1. A process for converting byte code instructions to a new instruction set that is more efficiently compiled, comprising:

(a) obtaining an existing series of instructions for a computer method;
(i) said instructions not being all of the same width;
(ii) each said instruction including an opcode and an operand;
(iii) at least some of said instructions accessing a memory space for said computer method in the form of a stack frame;
(b) converting said existing instructions to a new set of instructions;
(i) said new instructions being of substantially uniform width;
(ii) each said new instruction including (A) an opcode field, (B) an operand field, (C) a source field, and (D) a destination field;
(iii) for each existing instruction and its corresponding new instruction:
(A) copying said existing opcode to a new opcode;
(B) translating said existing operand to said new operand;
(C) if said existing instruction references said stack frame for source or destination data, writing a corresponding field in said new instruction with an explicit location on said stack frame for such data; and
(c) writing said new instructions to a computer-readable medium.

2. The process of claim 1 where said explicit location includes a word number of said location on said stack frame.

3. The process of claim 2 where, for at least one instruction type, said word number corresponds to a top of an operand stack in said stack frame.

4. The process of claim 2 where said word number corresponds to a local variable in said stack frame.

5. The process of claim 2 further comprising determining said word numbers by simulating said method encoded by said existing instructions.

6. The process of claim 1 where said translating in said (b)(iii)(B) includes copying said existing operand for a non-branch opcode.

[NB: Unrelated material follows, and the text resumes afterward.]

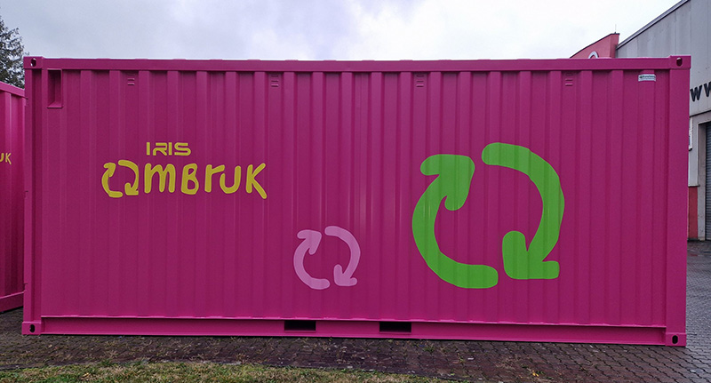 Rosa container – hente til ombruk.

7. The process of claim 1 where:

(i) a second of said existing instructions includes an existing offset value relative to a first of said existing instructions;
(ii) said first and second existing instructions have corresponding first and second new instructions;
(iii) said translating in said (b)(iii)(B) includes arithmetically adjusting said existing offset value to a new offset value;
(iv) said adjusting accounting for a difference in a number of bytes between the first and second instructions, in the new instructions relative to the existing instructions.

8. The process of claim 7 where said second new instruction is a branch instruction branching to said first new instruction, said writing in said (b)(iii)(C) includes calculating a branch location based on said new offset value.

9. The process of claim 1:

(x) where said new instructions further comprise a flag field; and
(y) further comprising writing said flag field for at least some of said instructions to indicate a status of said converting in (b).

10. The process of claim 1 where, for at least one of said new instructions:

(x) said existing operand field is larger than said new operand field; and
(y) further comprising using another of said new fields in said new instruction, besides said new operand field, for storing a portion of said existing operand.

11. The process of claim 1 where, for at least one of said new instructions:

(x) said existing operand field is larger than said new operand field; and
(y) further comprising using memory space for a different new instruction, for storing a portion of said existing operand.

12. The process of claim 1 where:

(i) at least one of said new instructions is an integer add instruction; and
(ii) for said add instruction, said explicit location for said source and destination fields includes a word number of the top of an operand stack used by said add instruction.

13. The process of claim 1 where:

(i) at least one of said new instructions is a load instruction; and
(ii) for said load instruction, said explicit location for said source field includes a word number of a local variable used by said load instruction; and
(iii) for said load instruction, said explicit location for said destination field includes a word number of the top of an operand stack used by said load instruction.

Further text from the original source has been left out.